On the one hand, highly skilled youth continue to quit India. There is little cutting-edge invention, design, or research happening, and with no funding, infrastructure, or liberal policies to enthuse them, why would they stay back? On the other hand, the careless rash of colleges spreading across the land, propelled by commerce rather than erudition, spits out thousands of semi-educated, semi-skilled, semi-literate youths each year, armed with degrees but otherwise unemployable. The government, meanwhile, has never allocated more than 5 per cent of GDP on education in the past 20 years. Bolivia and Namibia allot almost 10 per cent.

India has to create jobs faster than the rate at which its youth population is growing to tap the demographic dividend. This is a big ask, and the statistics of the past decade (and the ominous antipathy towards statistics) are not encouraging. The latest Periodic Labour Force Survey shows that the post-COVID trend continues, with most jobs still in agriculture. Agriculture with a 15 per cent share of GDP being forced to absorb 45 per cent of the workforce is not a healthy sign. Most other jobs are in the self-employed, labour, or gig areas, all casual work. Of the women shown as self-employed, 37 per cent do unpaid household labour.
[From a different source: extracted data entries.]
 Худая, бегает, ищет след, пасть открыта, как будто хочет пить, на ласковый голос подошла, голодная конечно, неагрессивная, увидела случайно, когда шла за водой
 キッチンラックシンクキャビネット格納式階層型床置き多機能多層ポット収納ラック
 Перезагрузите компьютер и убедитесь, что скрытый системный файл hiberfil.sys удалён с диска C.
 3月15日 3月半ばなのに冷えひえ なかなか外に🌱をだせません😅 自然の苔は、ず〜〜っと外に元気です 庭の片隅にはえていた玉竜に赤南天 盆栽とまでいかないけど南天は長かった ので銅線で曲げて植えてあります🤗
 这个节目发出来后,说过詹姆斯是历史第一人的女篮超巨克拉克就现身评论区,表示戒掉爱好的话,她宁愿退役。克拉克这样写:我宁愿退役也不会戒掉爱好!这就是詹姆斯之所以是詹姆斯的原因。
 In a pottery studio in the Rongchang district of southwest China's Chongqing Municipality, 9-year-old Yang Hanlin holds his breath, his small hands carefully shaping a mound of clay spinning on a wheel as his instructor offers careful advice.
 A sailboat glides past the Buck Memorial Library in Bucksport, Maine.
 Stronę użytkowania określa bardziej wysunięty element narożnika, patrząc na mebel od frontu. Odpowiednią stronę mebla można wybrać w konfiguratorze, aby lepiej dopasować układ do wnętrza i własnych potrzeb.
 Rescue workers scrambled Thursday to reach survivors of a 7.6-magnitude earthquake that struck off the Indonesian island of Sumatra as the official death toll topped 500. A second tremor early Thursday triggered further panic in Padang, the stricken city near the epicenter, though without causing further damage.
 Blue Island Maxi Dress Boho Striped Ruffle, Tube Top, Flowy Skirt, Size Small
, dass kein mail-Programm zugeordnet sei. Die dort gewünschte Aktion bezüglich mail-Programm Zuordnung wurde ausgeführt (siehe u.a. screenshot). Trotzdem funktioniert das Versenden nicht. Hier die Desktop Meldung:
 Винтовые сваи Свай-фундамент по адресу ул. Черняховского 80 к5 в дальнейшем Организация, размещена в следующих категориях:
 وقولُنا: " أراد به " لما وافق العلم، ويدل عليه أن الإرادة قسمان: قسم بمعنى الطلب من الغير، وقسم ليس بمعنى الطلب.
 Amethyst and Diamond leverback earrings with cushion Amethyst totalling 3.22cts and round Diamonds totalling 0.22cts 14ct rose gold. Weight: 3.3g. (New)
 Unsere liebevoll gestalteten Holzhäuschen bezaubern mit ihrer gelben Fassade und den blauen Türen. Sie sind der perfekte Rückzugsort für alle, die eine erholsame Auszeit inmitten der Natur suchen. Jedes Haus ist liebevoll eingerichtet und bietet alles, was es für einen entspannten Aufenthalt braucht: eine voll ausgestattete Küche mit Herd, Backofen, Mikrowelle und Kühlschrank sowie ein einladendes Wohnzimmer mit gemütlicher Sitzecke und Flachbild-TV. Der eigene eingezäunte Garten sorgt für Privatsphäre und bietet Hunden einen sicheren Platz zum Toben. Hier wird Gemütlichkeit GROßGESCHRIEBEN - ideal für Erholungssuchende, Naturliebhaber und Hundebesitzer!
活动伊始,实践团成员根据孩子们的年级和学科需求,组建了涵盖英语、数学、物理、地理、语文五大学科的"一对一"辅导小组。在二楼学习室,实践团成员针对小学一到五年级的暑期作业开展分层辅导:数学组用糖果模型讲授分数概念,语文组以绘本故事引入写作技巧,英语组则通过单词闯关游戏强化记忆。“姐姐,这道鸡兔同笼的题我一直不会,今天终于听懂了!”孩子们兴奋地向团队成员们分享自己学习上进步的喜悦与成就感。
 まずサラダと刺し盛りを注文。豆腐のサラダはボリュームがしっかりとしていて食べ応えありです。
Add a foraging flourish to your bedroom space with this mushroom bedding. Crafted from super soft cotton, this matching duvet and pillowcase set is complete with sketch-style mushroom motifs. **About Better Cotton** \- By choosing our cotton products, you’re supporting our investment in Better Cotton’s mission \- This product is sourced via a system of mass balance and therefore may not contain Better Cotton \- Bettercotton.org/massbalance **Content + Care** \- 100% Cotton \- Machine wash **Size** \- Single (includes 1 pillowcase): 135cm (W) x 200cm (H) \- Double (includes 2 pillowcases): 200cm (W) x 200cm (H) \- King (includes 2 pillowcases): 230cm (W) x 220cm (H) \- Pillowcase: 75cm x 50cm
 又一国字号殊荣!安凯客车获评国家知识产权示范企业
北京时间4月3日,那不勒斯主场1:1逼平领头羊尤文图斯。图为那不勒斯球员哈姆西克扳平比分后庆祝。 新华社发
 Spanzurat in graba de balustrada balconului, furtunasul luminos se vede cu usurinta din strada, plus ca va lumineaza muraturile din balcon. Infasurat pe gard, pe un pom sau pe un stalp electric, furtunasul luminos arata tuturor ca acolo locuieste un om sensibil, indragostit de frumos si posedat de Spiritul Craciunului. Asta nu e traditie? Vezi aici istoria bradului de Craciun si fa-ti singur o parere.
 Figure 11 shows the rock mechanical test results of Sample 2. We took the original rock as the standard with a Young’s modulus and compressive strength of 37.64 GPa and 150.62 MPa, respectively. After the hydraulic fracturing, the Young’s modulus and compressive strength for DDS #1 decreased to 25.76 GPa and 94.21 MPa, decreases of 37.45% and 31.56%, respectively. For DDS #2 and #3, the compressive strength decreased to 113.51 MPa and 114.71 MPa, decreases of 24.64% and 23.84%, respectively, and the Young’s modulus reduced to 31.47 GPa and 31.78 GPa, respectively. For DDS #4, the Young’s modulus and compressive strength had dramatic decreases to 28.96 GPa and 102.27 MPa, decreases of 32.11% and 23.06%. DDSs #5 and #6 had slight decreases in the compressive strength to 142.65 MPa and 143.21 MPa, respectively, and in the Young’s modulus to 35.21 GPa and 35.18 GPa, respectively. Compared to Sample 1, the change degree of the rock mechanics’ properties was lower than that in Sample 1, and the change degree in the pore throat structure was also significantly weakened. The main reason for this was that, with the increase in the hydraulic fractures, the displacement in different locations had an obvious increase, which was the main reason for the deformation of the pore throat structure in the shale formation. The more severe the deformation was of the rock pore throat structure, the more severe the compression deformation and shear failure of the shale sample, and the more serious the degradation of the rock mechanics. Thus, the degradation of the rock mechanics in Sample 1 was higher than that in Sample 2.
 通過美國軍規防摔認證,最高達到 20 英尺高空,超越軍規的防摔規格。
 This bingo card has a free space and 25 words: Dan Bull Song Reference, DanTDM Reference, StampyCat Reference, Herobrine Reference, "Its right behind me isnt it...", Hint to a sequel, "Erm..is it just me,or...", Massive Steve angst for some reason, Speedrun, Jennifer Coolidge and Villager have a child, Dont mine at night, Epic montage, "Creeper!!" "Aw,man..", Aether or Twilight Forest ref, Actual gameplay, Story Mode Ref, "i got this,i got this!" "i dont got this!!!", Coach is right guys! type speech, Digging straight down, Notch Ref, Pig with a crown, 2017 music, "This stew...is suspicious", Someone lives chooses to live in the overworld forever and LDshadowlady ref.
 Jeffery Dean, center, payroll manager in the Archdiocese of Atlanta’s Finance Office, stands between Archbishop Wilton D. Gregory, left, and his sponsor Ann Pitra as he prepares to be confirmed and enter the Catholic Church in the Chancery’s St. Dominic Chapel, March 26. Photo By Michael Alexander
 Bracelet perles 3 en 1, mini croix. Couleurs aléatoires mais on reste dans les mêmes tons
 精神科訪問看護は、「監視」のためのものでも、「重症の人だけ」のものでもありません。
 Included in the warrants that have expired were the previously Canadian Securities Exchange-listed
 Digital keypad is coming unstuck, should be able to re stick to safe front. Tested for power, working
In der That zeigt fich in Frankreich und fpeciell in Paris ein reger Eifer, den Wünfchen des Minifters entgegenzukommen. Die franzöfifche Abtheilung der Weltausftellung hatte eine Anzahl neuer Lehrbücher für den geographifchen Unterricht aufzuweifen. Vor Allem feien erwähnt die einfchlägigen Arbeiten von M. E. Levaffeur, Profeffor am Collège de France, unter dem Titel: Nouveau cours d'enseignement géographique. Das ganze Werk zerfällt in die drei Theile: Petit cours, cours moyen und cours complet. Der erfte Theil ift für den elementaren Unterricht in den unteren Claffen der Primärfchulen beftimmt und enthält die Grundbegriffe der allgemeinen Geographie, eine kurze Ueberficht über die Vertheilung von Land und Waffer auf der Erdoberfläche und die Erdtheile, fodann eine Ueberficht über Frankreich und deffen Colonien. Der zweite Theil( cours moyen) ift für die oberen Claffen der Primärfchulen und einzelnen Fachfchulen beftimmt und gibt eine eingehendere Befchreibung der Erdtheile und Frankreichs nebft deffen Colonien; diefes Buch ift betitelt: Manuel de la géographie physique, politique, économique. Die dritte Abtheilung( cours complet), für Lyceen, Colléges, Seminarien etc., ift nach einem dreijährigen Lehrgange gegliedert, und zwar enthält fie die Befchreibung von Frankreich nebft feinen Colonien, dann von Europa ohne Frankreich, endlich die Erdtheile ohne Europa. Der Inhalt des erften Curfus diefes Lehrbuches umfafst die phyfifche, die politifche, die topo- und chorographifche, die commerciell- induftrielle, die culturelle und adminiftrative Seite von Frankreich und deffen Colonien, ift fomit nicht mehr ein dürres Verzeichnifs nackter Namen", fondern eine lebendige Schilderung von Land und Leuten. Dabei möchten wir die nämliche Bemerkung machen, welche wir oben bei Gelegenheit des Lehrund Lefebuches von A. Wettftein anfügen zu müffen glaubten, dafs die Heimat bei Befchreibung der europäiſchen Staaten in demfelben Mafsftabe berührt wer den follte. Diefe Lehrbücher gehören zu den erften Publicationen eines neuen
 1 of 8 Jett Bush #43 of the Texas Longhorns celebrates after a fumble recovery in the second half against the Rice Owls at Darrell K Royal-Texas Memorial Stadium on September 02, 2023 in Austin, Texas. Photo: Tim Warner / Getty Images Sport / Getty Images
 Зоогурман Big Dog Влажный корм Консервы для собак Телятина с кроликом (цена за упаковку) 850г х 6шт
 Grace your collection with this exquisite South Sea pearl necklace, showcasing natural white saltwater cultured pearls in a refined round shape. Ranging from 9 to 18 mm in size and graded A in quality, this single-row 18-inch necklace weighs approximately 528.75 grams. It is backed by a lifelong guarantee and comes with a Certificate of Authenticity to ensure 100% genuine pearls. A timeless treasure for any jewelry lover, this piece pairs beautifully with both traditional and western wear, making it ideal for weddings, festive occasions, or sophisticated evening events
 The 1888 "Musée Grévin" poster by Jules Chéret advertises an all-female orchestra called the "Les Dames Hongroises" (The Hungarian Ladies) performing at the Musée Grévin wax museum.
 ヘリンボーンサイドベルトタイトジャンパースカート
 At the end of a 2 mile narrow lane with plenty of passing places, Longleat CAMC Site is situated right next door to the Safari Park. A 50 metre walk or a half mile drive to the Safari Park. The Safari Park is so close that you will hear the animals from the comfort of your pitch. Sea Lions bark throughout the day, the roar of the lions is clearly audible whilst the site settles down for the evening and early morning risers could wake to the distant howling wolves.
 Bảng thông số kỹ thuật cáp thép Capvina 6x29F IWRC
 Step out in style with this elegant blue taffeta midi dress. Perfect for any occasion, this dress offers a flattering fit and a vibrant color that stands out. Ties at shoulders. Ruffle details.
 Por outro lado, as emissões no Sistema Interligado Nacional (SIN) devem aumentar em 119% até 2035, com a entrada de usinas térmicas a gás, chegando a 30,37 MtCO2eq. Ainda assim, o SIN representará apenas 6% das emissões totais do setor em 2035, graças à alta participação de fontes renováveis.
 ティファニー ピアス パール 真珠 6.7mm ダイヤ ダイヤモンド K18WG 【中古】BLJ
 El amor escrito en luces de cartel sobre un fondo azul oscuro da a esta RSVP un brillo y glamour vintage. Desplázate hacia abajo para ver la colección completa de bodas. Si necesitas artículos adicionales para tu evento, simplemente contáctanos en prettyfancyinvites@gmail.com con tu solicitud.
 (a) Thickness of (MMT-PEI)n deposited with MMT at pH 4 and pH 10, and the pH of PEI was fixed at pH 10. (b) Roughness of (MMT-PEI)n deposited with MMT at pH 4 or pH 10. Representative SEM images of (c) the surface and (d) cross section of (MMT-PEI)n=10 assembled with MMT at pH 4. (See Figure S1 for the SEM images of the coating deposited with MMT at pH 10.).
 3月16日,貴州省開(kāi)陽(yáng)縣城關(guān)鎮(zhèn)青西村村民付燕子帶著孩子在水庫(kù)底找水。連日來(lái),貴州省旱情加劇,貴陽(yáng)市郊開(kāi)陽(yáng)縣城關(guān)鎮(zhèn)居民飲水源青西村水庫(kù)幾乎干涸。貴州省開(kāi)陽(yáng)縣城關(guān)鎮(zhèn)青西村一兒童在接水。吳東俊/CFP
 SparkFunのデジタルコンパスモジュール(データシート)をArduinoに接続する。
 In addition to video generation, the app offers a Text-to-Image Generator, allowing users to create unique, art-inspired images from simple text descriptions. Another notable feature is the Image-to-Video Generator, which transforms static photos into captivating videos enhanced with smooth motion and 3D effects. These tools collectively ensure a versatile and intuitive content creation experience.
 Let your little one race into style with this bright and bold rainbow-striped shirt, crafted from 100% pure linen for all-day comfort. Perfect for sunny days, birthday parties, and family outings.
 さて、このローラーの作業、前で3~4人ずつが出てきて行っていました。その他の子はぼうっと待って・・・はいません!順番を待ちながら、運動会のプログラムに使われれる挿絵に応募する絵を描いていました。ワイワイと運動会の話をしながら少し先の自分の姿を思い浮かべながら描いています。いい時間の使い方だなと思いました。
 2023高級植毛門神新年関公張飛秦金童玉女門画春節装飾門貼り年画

Thus, we have neither employable graduates nor enough salaried jobs.

But Gen Z is a new force, restless, wilful, idealistic, and much more au courant than any generation before it. A strong social, educational, and political scaffolding is needed to harness its energy positively, but in its place all we see is an excess of religio-cultural signalling that only fuels anger and alienation.

While in the electoral arena, the BJP’s ideological underpinning is a strength, giving its cadres a holy grail to win, in the governance world its ideological lens become blinkers. When an administration’s priority is to deny science and statistics in its biggest research organisations, replace history and medicine with mythological gibberish, and remake eminent educational institutions into shallow ideological ponds, it will not have the nous to build a youth ready for the future or a future fit for its youth.